--- Exercise details ---
Please set down the data again exactly, minus the pictures.

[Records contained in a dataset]

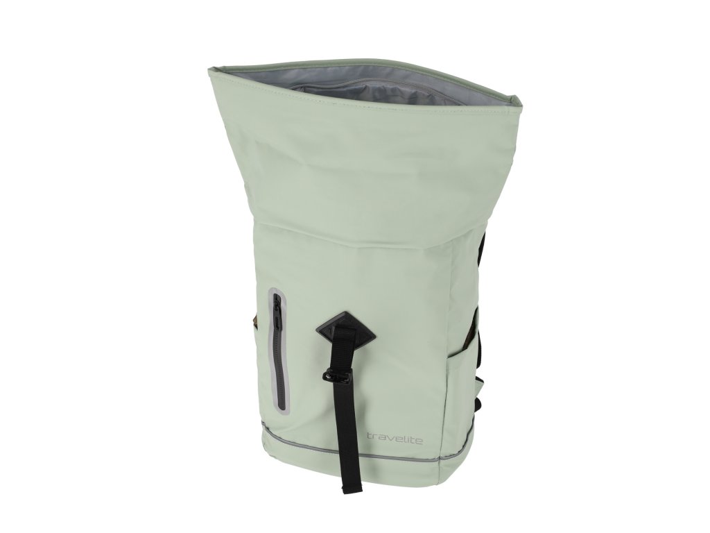 Trendy batoh nemeckej značky Travelite vo svetle mentolovej farbe s rolovacím zatváraním v pogumovanom prevedení je vhodný na krátke cesty alebo do práce.
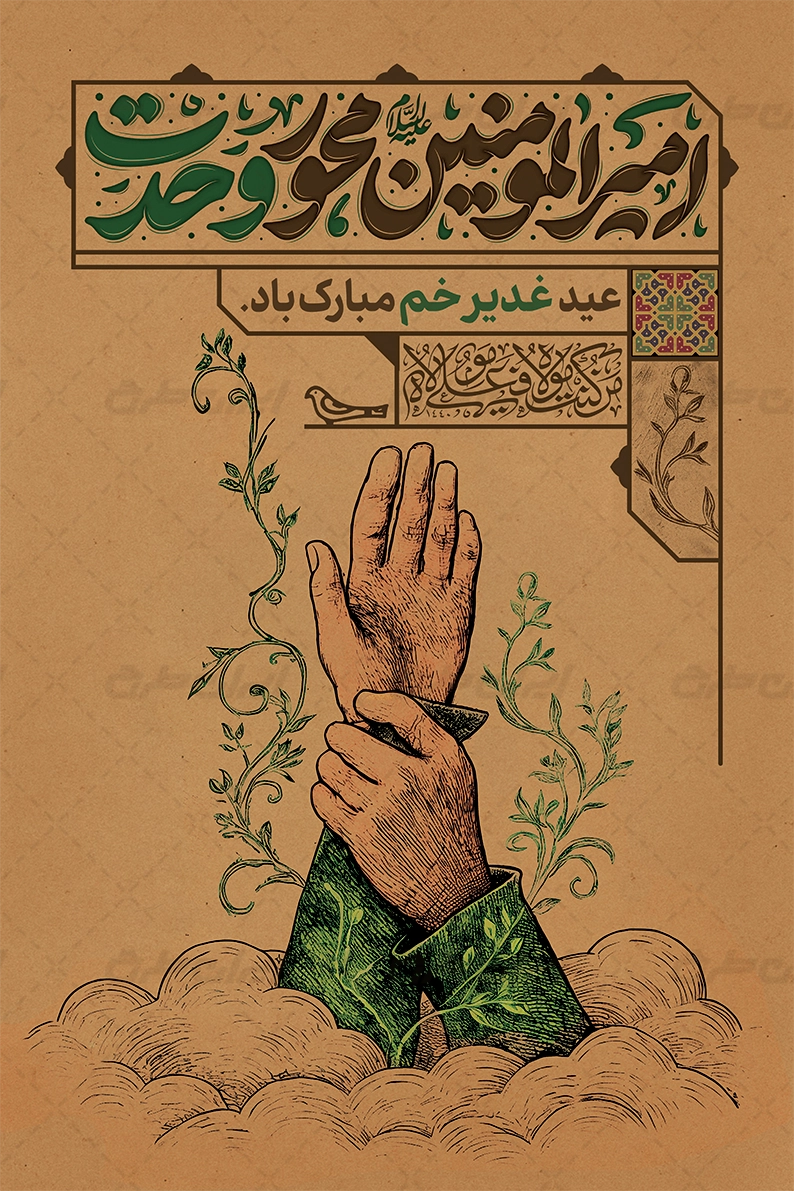 پوستر عید غدیر با تایپوگرافی امیرالمومنین محور وحدت
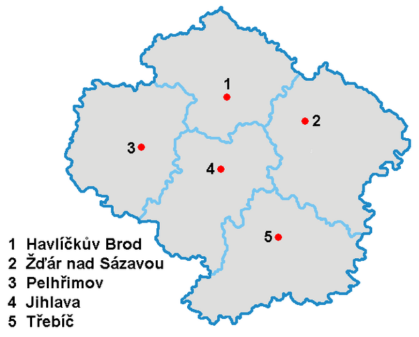 Край Высочина состоит из 5 районов, которые в свою очередь делятся на 15 муниципалитетов с расширенной полномочиями и 26 муниципалитетов[6] (Спелков и др.).
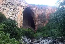 Lapa dos Brejões is one of the most remarkable group of caves in Brazil by the large amplitude of its galleries, halls, skylights, speleothems and its main entrance portico with 106 meters (348 ft) in height. A collapsed portion called karst canyon divides the cave into two segments, Brejões I and Brejões II, which together sum 7,750 meters (25,430 ft). Along the canyon one find shelter under the rocks and cave paintings of some sites.[1]
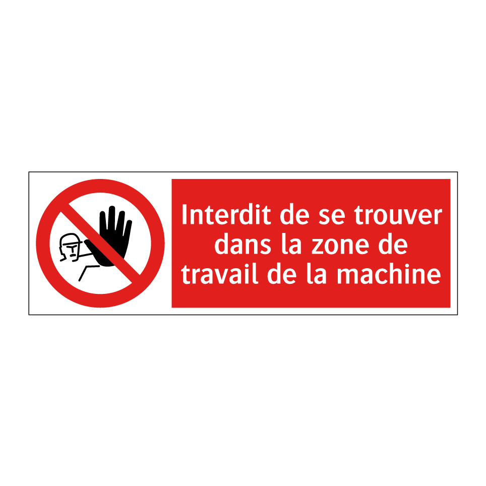 Panneau d'interdiction avec le texte : "Interdit de se trouver dans la zone de travail de la machine" et une symbolique claire.
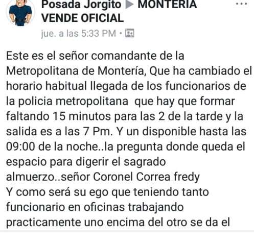 Esta queja, que ha generado polémica fue hecha a través de una cuenta falsa llamada “Posada Jorgito” en la página de Montería Vende Oficial en la red social de Facebook, donde un usuario denunció que el nuevo comandante, “ha cambiado el horario habitual de llegada de los funcionarios de la Policía Metropolitana, hay que formar faltando quince minutos para las dos de la tarde y la salida es la 7:00 PM y un disponible hasta las nueve de la noche”
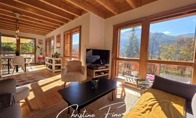 Au cœur de la station de Serre Chevalier, ce chalet de prestige séduit par son style traditionnel et son atmosphère empreinte de sérénité. Offrant 222 m² répartis sur deux niveaux, il profite d'une orientation plein sud qui baigne chaque espace de lumière et révèle des panoramas majestueux sur les cimes environnantes. La pièce principale, véritable âme de la demeure, s'organise autour d'un poêle central, créant une ambiance chaleureuse où se conjuguent confort et raffinement. De larges terrasses prolongent cet espace de vie et invitent à partager des instants conviviaux face à une vue exceptionnelle. Le chalet propose cinq chambres et trois salles d'eau, assurant à chacun intimité et bien-être. S'ajoutent un home cinéma, un ski room, un parking pouvant accueillir jusqu'à cinq véhicules, ainsi qu'un terrain de 500 m². À seulement quelques minutes des pistes, cette propriété rare se destine aux amateurs de montagne, qu'ils recherchent l'effervescence des sports d'hiver ou la quiétude des saisons plus douces, dans un cadre où élégance et authenticité s'unissent harmonieusement.
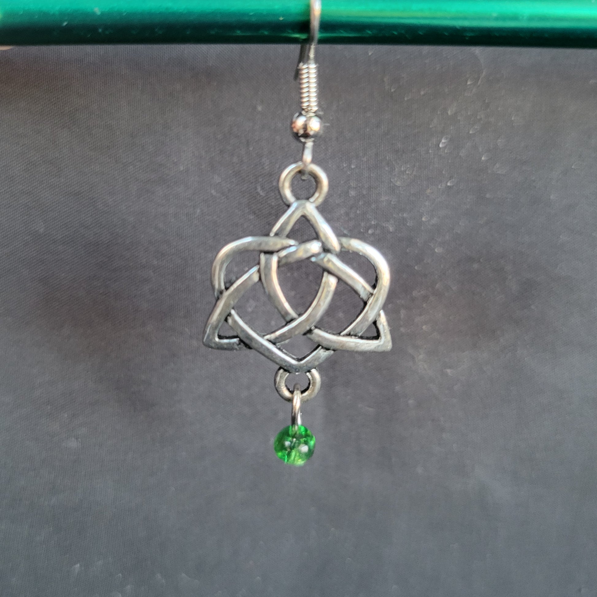These earrings feature a beautiful green bead hanging beneath a traditional Celtic heart knot. Crafted with precision and symbolism, these earrings are perfect for those seeking a unique and meaningful accessory. Add a touch of Celtic heritage to your wardrobe with these elegant earrings.
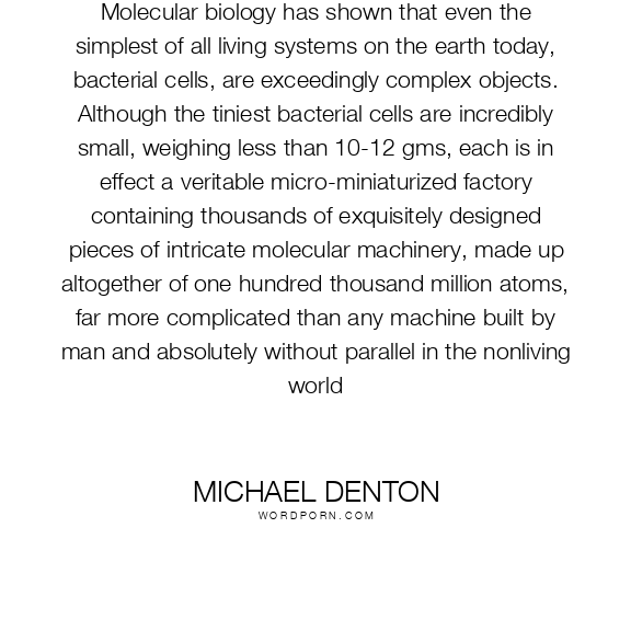 Molecular biology has shown that even the simplest of all living systems on the earth today, bacterial cells, are exceedingly complex objects. Although the tiniest bacterial cells are incredibly small, weighing less than 10-12 gms, each is in effect a veritable micro-miniaturized factory containing thousands of exquisitely designed pieces of intricate molecular machinery, made up altogether of one hundred thousand million atoms, far more complicated than any machine built by man and absolutely without parallel in the nonliving world

--- Response box ---
 Trendy batoh nemeckej značky Travelite vo svetle mentolovej farbe s rolovacím zatváraním v pogumovanom prevedení je vhodný na krátke cesty alebo do práce.
 پوستر عید غدیر با تایپوگرافی امیرالمومنین محور وحدت
 Край Высочина состоит из 5 районов, которые в свою очередь делятся на 15 муниципалитетов с расширенной полномочиями и 26 муниципалитетов[6] (Спелков и др.).
 Lapa dos Brejões is one of the most remarkable group of caves in Brazil by the large amplitude of its galleries, halls, skylights, speleothems and its main entrance portico with 106 meters (348 ft) in height. A collapsed portion called karst canyon divides the cave into two segments, Brejões I and Brejões II, which together sum 7,750 meters (25,430 ft). Along the canyon one find shelter under the rocks and cave paintings of some sites.[1]
 Panneau d'interdiction avec le texte : "Interdit de se trouver dans la zone de travail de la machine" et une symbolique claire.
 Esta queja, que ha generado polémica fue hecha a través de una cuenta falsa llamada “Posada Jorgito” en la página de Montería Vende Oficial en la red social de Facebook, donde un usuario denunció que el nuevo comandante, “ha cambiado el horario habitual de llegada de los funcionarios de la Policía Metropolitana, hay que formar faltando quince minutos para las dos de la tarde y la salida es la 7:00 PM y un disponible hasta las nueve de la noche”
 Au cœur de la station de Serre Chevalier, ce chalet de prestige séduit par son style traditionnel et son atmosphère empreinte de sérénité. Offrant 222 m² répartis sur deux niveaux, il profite d'une orientation plein sud qui baigne chaque espace de lumière et révèle des panoramas majestueux sur les cimes environnantes. La pièce principale, véritable âme de la demeure, s'organise autour d'un poêle central, créant une ambiance chaleureuse où se conjuguent confort et raffinement. De larges terrasses prolongent cet espace de vie et invitent à partager des instants conviviaux face à une vue exceptionnelle. Le chalet propose cinq chambres et trois salles d'eau, assurant à chacun intimité et bien-être. S'ajoutent un home cinéma, un ski room, un parking pouvant accueillir jusqu'à cinq véhicules, ainsi qu'un terrain de 500 m². À seulement quelques minutes des pistes, cette propriété rare se destine aux amateurs de montagne, qu'ils recherchent l'effervescence des sports d'hiver ou la quiétude des saisons plus douces, dans un cadre où élégance et authenticité s'unissent harmonieusement.
These earrings feature a beautiful green bead hanging beneath a traditional Celtic heart knot. Crafted with precision and symbolism, these earrings are perfect for those seeking a unique and meaningful accessory. Add a touch of Celtic heritage to your wardrobe with these elegant earrings.
 Molecular biology has shown that even the simplest of all living systems on the earth today, bacterial cells, are exceedingly complex objects. Although the tiniest bacterial cells are incredibly small, weighing less than 10-12 gms, each is in effect a veritable micro-miniaturized factory containing thousands of exquisitely designed pieces of intricate molecular machinery, made up altogether of one hundred thousand million atoms, far more complicated than any machine built by man and absolutely without parallel in the nonliving world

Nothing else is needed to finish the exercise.